◆ **Prompt**:
Below are records with pictures; copy word for word only the lines between the line with "Real ultrasound images" and the line with "自2020年6月,合肥市城乡", inclusive, and drop the pictures.

◆ **Data supplied**:
++++++++++++++++++++
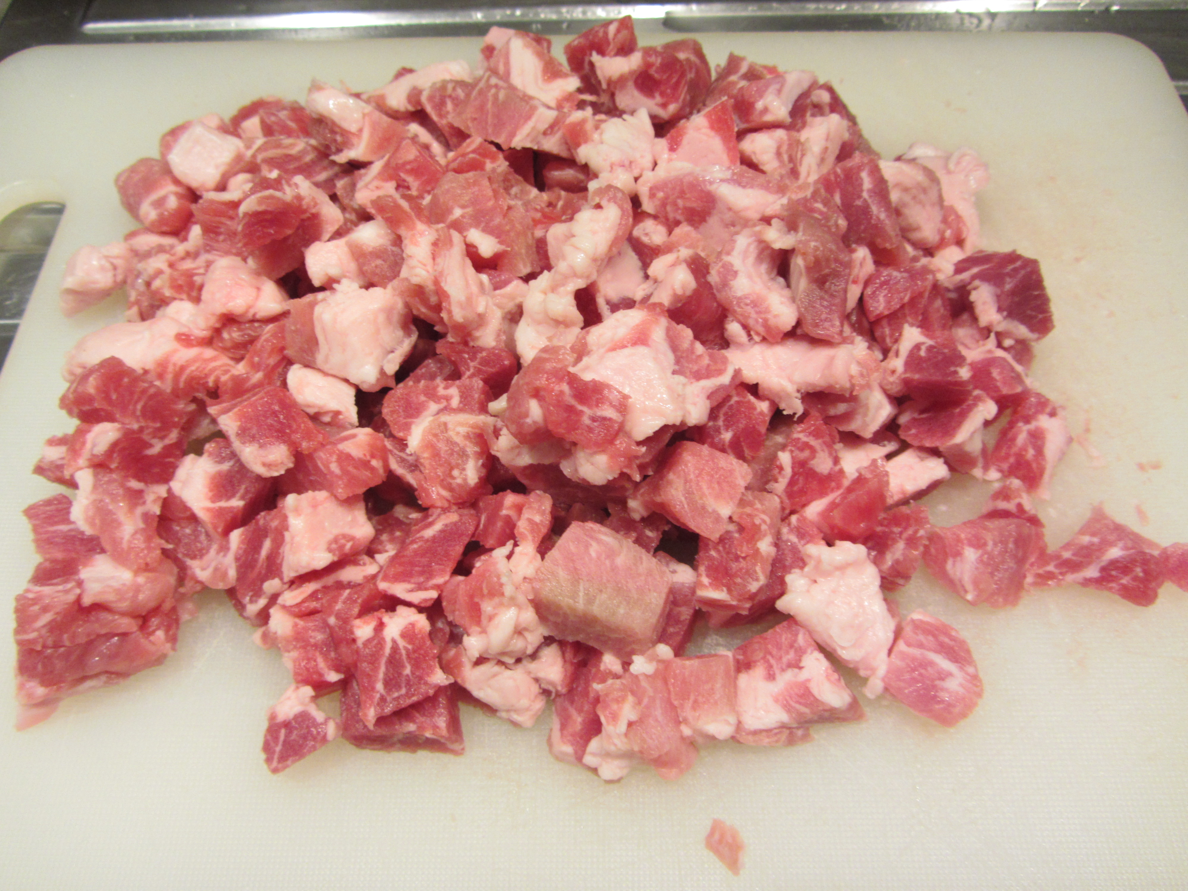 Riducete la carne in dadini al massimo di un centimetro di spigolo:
++++++++++++++++++++
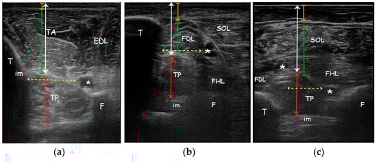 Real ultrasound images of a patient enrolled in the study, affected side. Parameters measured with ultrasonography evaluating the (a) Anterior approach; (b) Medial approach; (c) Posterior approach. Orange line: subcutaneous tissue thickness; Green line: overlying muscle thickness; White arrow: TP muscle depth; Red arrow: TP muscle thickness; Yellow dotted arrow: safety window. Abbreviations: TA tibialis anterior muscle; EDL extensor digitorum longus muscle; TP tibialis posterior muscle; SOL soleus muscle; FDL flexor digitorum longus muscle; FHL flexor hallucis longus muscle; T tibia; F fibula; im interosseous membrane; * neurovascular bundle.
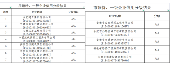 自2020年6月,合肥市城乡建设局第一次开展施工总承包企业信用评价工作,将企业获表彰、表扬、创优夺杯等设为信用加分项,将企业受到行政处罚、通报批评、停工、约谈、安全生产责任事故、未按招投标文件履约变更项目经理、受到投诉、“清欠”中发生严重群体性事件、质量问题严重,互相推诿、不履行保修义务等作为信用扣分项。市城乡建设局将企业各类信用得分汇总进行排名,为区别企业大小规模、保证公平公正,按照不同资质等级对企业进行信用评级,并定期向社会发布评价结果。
++++++++++++++++++++
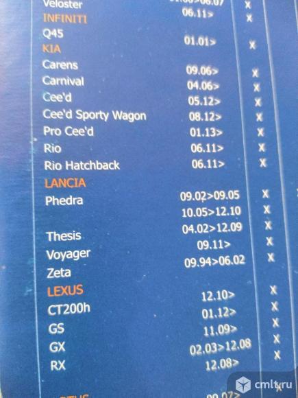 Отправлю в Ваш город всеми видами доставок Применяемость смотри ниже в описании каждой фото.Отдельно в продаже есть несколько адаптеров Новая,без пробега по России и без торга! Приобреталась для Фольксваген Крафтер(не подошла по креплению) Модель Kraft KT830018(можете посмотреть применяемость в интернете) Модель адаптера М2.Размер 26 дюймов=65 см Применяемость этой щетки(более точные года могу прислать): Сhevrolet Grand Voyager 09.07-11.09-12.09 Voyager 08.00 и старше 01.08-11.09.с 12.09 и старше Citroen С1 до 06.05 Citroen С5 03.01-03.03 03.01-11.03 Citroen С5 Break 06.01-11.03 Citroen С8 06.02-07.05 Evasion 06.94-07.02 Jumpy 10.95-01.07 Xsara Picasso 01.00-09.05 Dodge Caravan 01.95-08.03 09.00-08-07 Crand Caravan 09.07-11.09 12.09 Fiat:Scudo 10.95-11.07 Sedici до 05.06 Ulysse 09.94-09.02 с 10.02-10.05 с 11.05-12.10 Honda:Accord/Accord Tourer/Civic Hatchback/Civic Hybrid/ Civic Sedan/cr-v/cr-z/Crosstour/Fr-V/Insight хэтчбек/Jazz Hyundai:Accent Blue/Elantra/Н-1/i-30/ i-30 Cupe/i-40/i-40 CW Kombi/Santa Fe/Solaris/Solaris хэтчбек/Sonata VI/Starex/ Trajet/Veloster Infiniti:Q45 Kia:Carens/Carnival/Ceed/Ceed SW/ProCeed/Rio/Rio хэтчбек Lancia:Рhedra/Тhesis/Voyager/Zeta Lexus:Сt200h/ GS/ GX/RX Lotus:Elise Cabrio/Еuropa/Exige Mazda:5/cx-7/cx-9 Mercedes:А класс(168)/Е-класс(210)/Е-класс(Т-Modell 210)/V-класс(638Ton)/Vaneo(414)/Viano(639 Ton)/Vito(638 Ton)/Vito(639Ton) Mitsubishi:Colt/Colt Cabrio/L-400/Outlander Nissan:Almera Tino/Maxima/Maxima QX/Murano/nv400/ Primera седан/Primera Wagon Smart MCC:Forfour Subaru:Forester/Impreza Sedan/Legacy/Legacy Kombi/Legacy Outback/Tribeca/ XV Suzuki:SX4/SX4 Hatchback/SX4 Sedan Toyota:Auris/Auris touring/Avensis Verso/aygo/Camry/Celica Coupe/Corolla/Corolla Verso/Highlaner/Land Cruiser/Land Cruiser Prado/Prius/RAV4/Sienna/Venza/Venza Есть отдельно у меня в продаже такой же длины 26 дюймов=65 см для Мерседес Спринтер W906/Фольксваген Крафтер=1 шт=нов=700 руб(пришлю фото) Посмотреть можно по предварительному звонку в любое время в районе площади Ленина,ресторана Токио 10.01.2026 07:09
++++++++++++++++++++
◆ **Output below**:
 Real ultrasound images of a patient enrolled in the study, affected side. Parameters measured with ultrasonography evaluating the (a) Anterior approach; (b) Medial approach; (c) Posterior approach. Orange line: subcutaneous tissue thickness; Green line: overlying muscle thickness; White arrow: TP muscle depth; Red arrow: TP muscle thickness; Yellow dotted arrow: safety window. Abbreviations: TA tibialis anterior muscle; EDL extensor digitorum longus muscle; TP tibialis posterior muscle; SOL soleus muscle; FDL flexor digitorum longus muscle; FHL flexor hallucis longus muscle; T tibia; F fibula; im interosseous membrane; * neurovascular bundle.
 自2020年6月,合肥市城乡建设局第一次开展施工总承包企业信用评价工作,将企业获表彰、表扬、创优夺杯等设为信用加分项,将企业受到行政处罚、通报批评、停工、约谈、安全生产责任事故、未按招投标文件履约变更项目经理、受到投诉、“清欠”中发生严重群体性事件、质量问题严重,互相推诿、不履行保修义务等作为信用扣分项。市城乡建设局将企业各类信用得分汇总进行排名,为区别企业大小规模、保证公平公正,按照不同资质等级对企业进行信用评级,并定期向社会发布评价结果。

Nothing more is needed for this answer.